Setelah berpamitan, aku pun bergegas
ke Rumah Sakit Husada. Tak aku pedulikan tatapan orang-orang yang menatapku
penuh rasa kasihan. Aku tak peduli.
Aku mendapati Indra masih di ruang
gawat darurat. Di temani Anne dan beberapa orang teman lainnya. Indra memang
tidak satu kampus denganku. Aku langsung menghampirinya, tak tak memperhatikan
yang lainnya. Perhatian langsung tertuju pada Indra. Selang infus terpasang di
tangan kirinya, sedangkan selang oksigen masih bergayut di hidungnya. Nafasnya
berat. Kaki kanannya dibalut perban tebal. Beberapa luka gores terlihat di tangan
dan wajahnya.
“Indra…” panggilku. Indra mengangguk.
“Bagaimana bisa seprti ini?”.
Indra hanya diam, aku melihat
sekeliling. Orang tuanya belum datang. Mataku mencari lagi, mencari Anne. Dia
yang pertama memberikan kabar padaku, dimana
dia?
Aku lihat Anne duduk di ruang sebelah, ruang
tunggu. Aku kecup kening Indra, kemudian meninggalkannya. Aku titipkan ia pada beberapa
temannya, yang masih berdiri di samping tempat tidurnya.
Aku
menghampiri Anne. Anne sedikit terkejut melihatku, aku sama kagetnya melihat
keadaannya. Tangannya kanannya dibalut perban, dan di pasang gips. Tangannya
patah, kaki mulusnya pun tak luput dari goresan-goresan bekas luka. Luka
tersebut hanya diberi obat antiseptik.
“Kamu kecelakaan berdua dengan
Indra?”, aku bertanya dengan sangat hati-hati.

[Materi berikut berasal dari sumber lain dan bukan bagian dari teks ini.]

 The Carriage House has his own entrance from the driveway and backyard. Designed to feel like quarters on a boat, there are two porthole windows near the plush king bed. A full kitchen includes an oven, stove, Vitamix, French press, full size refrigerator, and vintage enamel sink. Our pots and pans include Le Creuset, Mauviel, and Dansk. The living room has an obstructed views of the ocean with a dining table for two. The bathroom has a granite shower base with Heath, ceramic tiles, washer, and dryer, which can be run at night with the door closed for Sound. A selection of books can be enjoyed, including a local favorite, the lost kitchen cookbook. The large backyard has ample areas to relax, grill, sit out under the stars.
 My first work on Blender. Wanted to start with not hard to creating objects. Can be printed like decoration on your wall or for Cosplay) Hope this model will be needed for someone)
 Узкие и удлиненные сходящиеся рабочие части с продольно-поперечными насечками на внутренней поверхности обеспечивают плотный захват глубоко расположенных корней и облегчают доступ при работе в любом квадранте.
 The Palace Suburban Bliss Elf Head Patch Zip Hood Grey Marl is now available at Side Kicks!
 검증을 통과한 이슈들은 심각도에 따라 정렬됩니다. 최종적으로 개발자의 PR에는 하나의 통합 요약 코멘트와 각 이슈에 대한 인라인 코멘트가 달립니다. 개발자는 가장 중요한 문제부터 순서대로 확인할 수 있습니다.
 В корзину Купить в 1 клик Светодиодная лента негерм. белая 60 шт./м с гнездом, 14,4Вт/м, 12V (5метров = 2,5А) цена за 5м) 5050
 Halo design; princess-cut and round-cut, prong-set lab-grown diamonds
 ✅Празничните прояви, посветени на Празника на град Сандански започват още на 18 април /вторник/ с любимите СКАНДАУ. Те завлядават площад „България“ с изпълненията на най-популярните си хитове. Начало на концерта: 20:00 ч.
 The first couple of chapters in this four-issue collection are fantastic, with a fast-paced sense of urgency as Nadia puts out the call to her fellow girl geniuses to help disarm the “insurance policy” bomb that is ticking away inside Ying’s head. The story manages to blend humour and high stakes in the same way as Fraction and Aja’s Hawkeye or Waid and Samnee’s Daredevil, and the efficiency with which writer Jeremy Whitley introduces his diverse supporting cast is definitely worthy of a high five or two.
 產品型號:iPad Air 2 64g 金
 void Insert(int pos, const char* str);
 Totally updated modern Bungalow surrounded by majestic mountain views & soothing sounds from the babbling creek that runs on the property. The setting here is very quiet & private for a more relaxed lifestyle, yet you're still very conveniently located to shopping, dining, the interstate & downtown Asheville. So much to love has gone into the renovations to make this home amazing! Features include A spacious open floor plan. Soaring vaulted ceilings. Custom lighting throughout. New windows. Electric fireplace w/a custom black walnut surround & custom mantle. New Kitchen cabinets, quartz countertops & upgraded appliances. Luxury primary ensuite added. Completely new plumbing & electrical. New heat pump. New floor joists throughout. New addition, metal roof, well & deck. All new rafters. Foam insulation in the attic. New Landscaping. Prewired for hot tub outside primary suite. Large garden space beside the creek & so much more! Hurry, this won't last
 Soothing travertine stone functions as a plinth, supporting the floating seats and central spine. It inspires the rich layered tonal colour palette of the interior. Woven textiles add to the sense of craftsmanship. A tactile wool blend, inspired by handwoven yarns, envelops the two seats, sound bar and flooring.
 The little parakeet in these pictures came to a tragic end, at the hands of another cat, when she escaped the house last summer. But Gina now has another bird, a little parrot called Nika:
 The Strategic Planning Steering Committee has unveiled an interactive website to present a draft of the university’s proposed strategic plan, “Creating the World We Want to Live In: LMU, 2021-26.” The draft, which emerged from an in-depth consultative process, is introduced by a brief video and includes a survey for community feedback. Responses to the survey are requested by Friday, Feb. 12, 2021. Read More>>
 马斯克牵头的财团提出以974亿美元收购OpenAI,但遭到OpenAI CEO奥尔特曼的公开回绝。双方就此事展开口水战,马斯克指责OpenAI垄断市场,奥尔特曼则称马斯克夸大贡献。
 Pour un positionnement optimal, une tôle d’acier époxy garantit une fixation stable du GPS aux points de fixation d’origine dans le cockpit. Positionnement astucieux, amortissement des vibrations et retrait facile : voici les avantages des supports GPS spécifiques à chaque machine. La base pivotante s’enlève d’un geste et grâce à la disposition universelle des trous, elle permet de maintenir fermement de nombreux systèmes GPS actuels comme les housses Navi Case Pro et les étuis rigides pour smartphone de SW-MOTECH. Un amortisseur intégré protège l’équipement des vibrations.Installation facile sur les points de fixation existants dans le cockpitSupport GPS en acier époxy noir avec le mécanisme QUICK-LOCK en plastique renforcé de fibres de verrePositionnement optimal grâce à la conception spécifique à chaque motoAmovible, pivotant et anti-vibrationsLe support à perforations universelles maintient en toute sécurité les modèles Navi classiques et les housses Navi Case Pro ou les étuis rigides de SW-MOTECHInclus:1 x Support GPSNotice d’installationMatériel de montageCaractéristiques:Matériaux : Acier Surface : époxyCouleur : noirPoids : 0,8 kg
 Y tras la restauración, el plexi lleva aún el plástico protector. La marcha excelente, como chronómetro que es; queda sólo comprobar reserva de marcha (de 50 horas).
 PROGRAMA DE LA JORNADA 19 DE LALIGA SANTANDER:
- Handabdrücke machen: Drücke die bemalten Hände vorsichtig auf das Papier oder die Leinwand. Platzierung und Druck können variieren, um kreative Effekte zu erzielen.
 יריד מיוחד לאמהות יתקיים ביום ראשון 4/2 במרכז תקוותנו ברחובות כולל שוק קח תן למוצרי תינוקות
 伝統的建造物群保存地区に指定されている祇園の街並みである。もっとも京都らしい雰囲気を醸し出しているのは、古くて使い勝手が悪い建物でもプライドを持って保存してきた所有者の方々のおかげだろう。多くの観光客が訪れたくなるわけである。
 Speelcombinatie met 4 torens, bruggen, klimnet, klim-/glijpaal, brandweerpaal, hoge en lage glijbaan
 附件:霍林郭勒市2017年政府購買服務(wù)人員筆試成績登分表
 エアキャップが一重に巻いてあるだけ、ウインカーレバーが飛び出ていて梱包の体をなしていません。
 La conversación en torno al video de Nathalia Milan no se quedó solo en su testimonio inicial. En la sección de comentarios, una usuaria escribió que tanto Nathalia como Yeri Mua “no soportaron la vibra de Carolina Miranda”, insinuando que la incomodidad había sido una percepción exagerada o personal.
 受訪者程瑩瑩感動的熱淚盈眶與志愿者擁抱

“Iya, maafkan kami berdua Lita”, jawabnya
sambil terisak. Aku bingung.
“Tunggu..tunggu.. kenapa meminta
maaf?”. Aku mulai curiga.
“Sebenarnya aku dan Indra sudah
berpacaran sejak setahun lalu. Indra mengatakan kalau dia sudah tidak bisa
bersamamu. Karena itu aku menerima Indra. Aku pernah berpikir untuk menanyakan hal
itu secara langsung padamu, karena aku lihat kamu masih berdekatan dengan
Indra. Sampai akhirnya aku tahu Indra masih berpacaran denganmu. Aku minta
putus pada Indra. Tapi dia bilang, dia tidak akan memutuskanku. Tapi akan
memutuskanmu!”, jelas Anne. Tatapan yang dia berikan seperti tatapan kasihan
terhadapku. Aku tidak suka dengan tatapan tersebut. Orang-orang sudah menatapku
dengan kasihan sejak tadi. Sejak sidang skripsiku berantakan, dan sekarang ini.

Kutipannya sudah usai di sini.